*** RECORDS SHOWN Section Begins ***
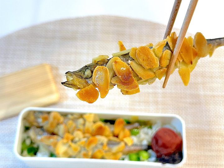 3. 【細長弁当箱に】尾頭付きししゃもを丸ごとイン!?アーモンド衣パリッパリ♡な豪快弁当作ろう【植松良枝さん直伝】
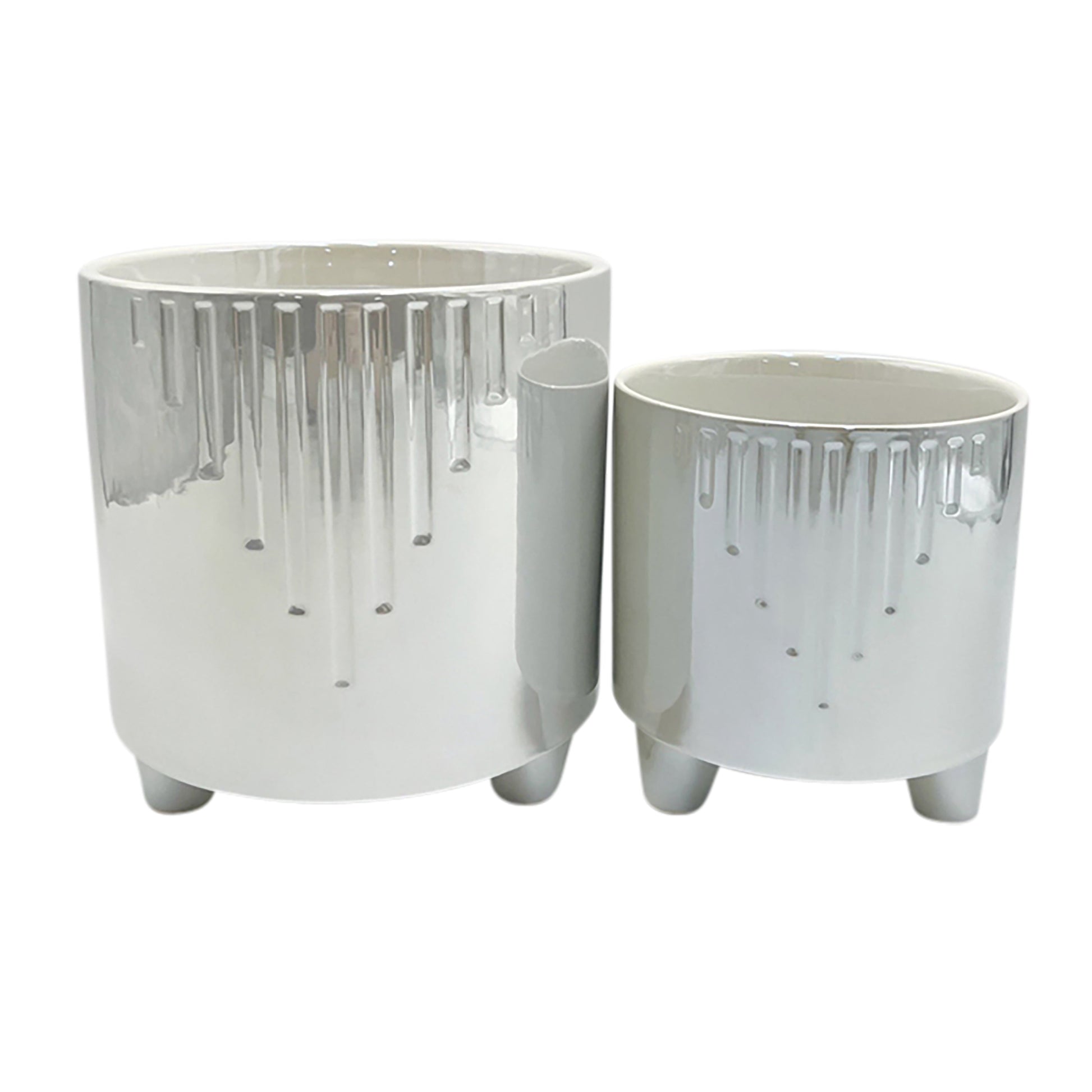 S/2 6/8" Iridescent Line Footed Planters, Ivory
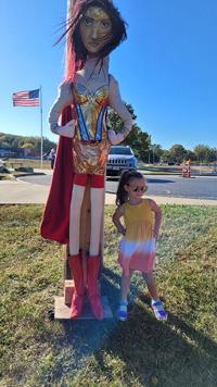 Donna Andell of House Springs took this picture of her granddaughter, Cora Frazier of Pevely, with a scarecrow during Eureka’s Scarecrow Festival last year. “(Cora) said she was a superhero like the scarecrow and had to pose like her,” Donna said. “Girls can do anything.”
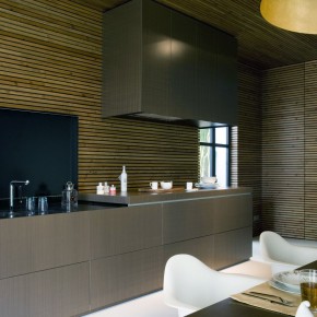 Renovated kitchen with wood wall paneling was assembled by hand. The kitchen has a generous work surface with a black marble countertop. Dining and kitchen in one area provide large space for up to six people.
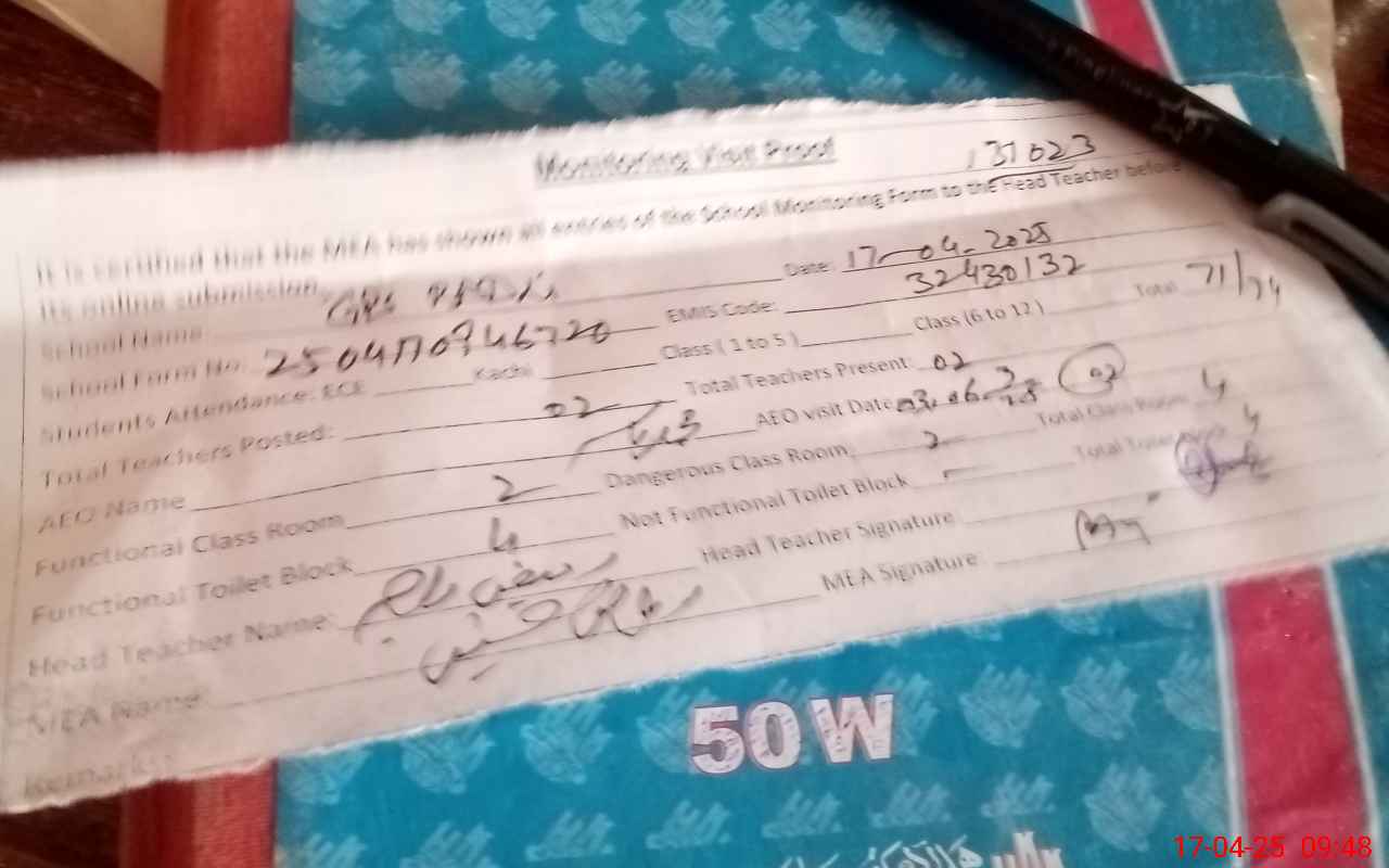 | Certified that this School was Inspected by the Undersigned MEA/DMO Today and the Information Stated Above is as Per Record. | |||||
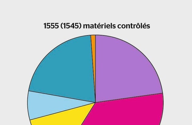 Au total 217 matériels présentant des défauts ont été répertoriés, soit 14% de tous les matériels électriques contrôlés. Dans 117 cas, il s'agissait de défauts concernant la sécurité.
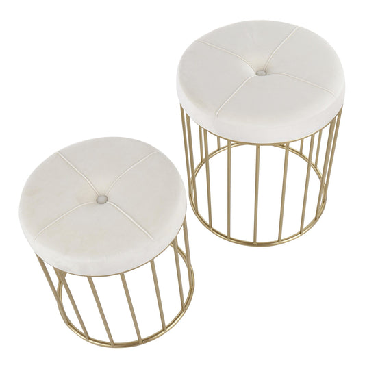 Majestic Office Furniture Glam Pleated Bench in Gold Steel and Cream Velvet
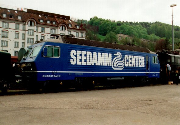 SOB(Suedostbahn) Re 4/4 IV 446 446-7 (ex SBB) at the 150 year fair in St.Gallen, 10.Mai 1997.
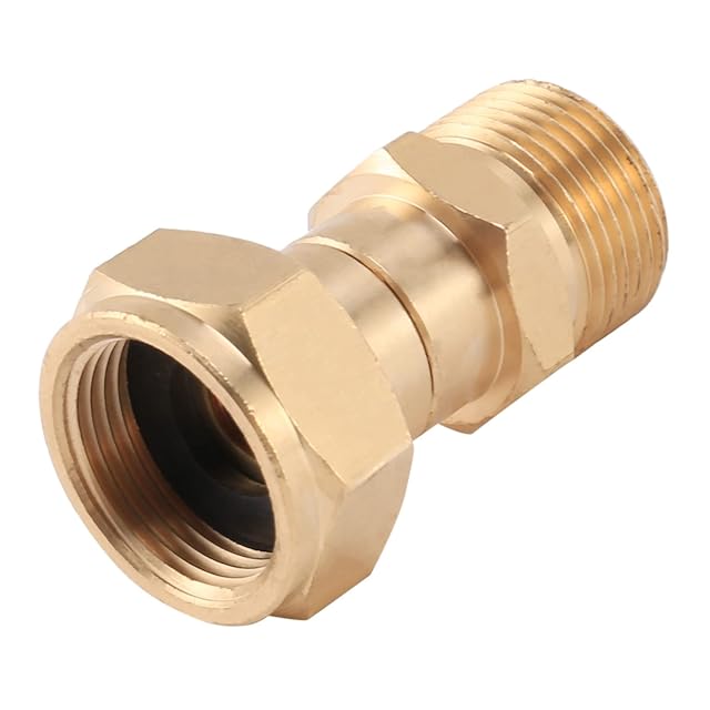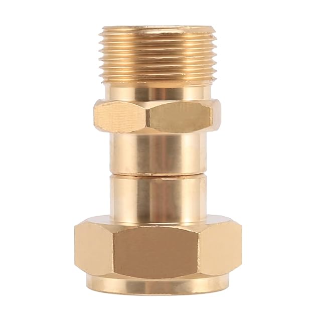YYDE サイズ:M22 14mmスレッドのフィッティング<br />メトリックM22 14mmオス+ M22メススイベル。<br />ユニバーサル圧力ワッシャーカプラーは、高品質の真鍮で作られており、耐腐食性があります。<br />作動圧力は最大3000 PSI、作動温度は最大140°F<br />応用:<br />高圧洗浄機用のもつれないスイベルジョイントです。スプレー時のホースのねじれとよじれを解消します。<br />360度の回転。ガン、ホース、オペレーターへのストレスを軽減します。<br />警告:圧力ワッシャーによって発生する高圧放電により重傷を負う可能性があります。人体の手の届かないところに保管してください。<br />色:銅の色<br />素材:真鍮<br />パッケージ内容:<br />1 x もつれないスイベルジョイント<br />パッケージの内容は以上です、ほかの産品はここに含まれていません。<br />注:光撮影やディスプレイによって、実際の商品の色やサイズとウェブサイトの色やサイズが若干異なる場合があるかもしれません。また測定許容誤差の範囲は1-3cmです。
*** RECORDS SHOWN Section Ends ***
The answer must be an exact copy of the lines above, from the start of the records through the line with "Record. | |||||", and of nothing else; no pictures belong in it.

 3. 【細長弁当箱に】尾頭付きししゃもを丸ごとイン!?アーモンド衣パリッパリ♡な豪快弁当作ろう【植松良枝さん直伝】
 S/2 6/8" Iridescent Line Footed Planters, Ivory
 Donna Andell of House Springs took this picture of her granddaughter, Cora Frazier of Pevely, with a scarecrow during Eureka’s Scarecrow Festival last year. “(Cora) said she was a superhero like the scarecrow and had to pose like her,” Donna said. “Girls can do anything.”
 Renovated kitchen with wood wall paneling was assembled by hand. The kitchen has a generous work surface with a black marble countertop. Dining and kitchen in one area provide large space for up to six people.
 | Certified that this School was Inspected by the Undersigned MEA/DMO Today and the Information Stated Above is as Per Record. | |||||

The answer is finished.